Required action: Transcribe all the data below exactly, leaving its pictures out.

Data provided:
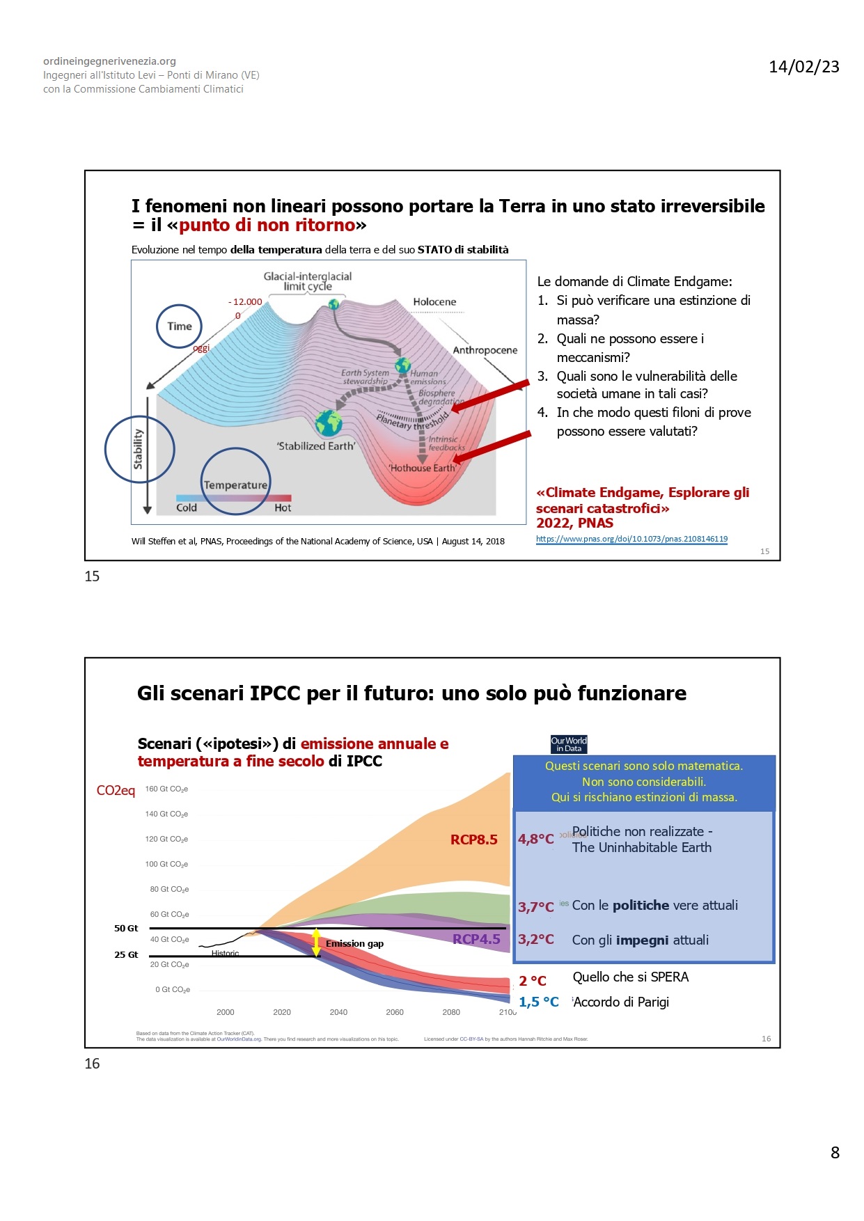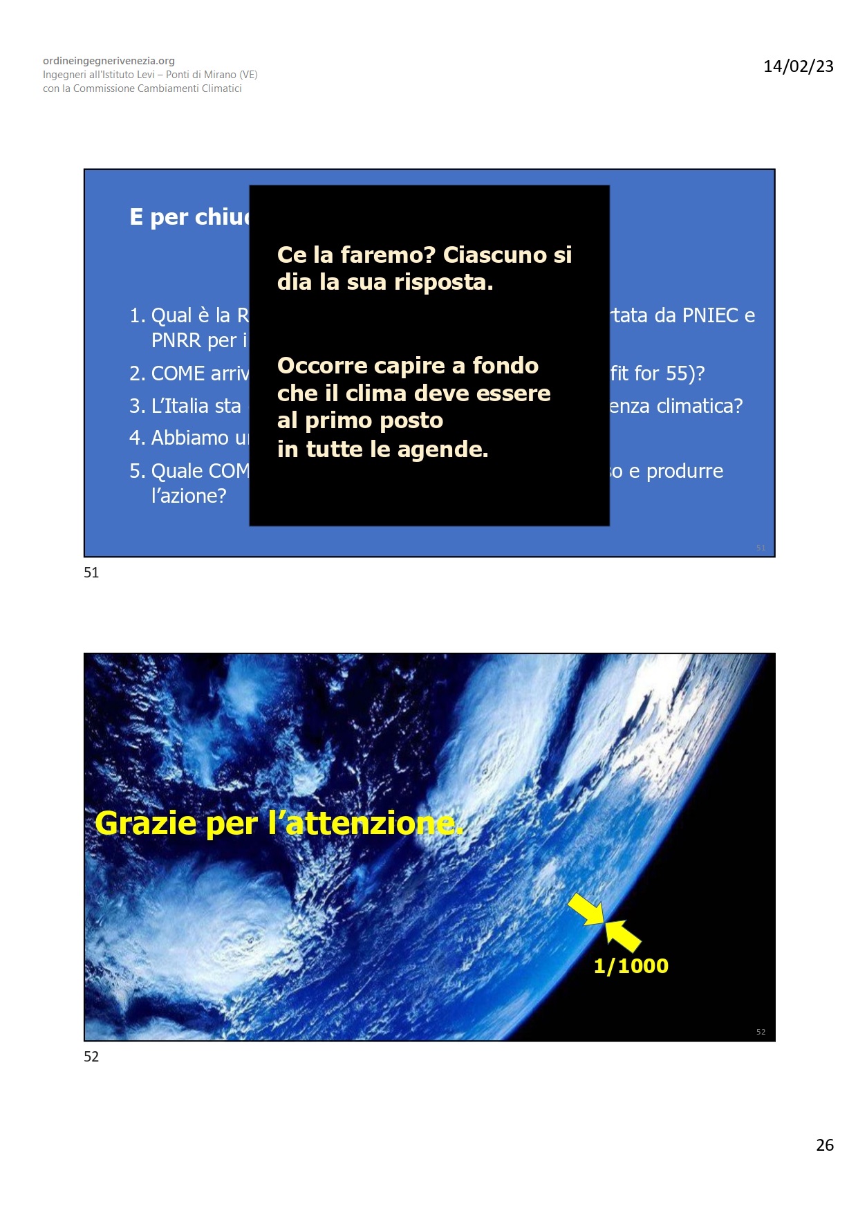 Ingegneri Componenti della Commissione Cambiamenti Climatici: Sandro Boato, Sebastiano Carrer, Giovanni Cecconi, Nello De Giulio, Giancarlo Gusmaroli, Alberto Iaderosa, Vera Manenti, Marino Mazzon, Angela Mejorin, Osvaldo Pasqual, Mauro Roglieri, Antonio Rusconi, Italo Saccardo, Riccardo Tolomio.
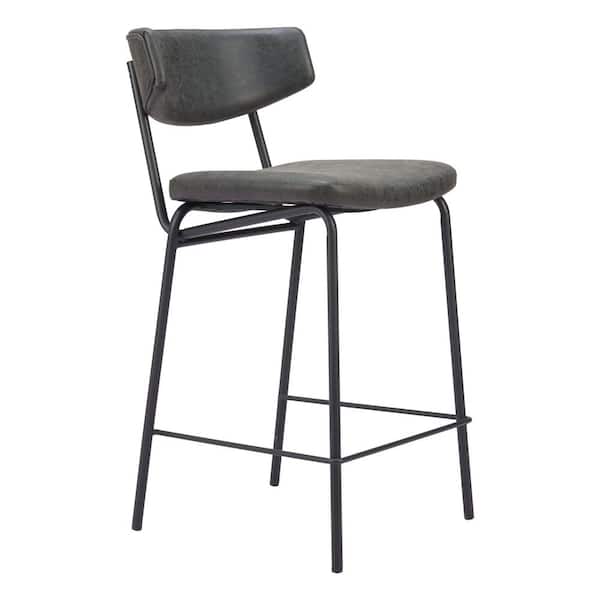 Charon 30.3 in. Open Back Black Plywood Frame Counter Stool with Faux Leather Seat - (Set of 2)
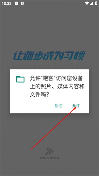 1、打開跑客APP,在權(quán)限請求彈窗中,點(diǎn)擊允許。

Exercise output:
 Ingegneri Componenti della Commissione Cambiamenti Climatici: Sandro Boato, Sebastiano Carrer, Giovanni Cecconi, Nello De Giulio, Giancarlo Gusmaroli, Alberto Iaderosa, Vera Manenti, Marino Mazzon, Angela Mejorin, Osvaldo Pasqual, Mauro Roglieri, Antonio Rusconi, Italo Saccardo, Riccardo Tolomio.
 Charon 30.3 in. Open Back Black Plywood Frame Counter Stool with Faux Leather Seat - (Set of 2)
 1、打開跑客APP,在權(quán)限請求彈窗中,點(diǎn)擊允許。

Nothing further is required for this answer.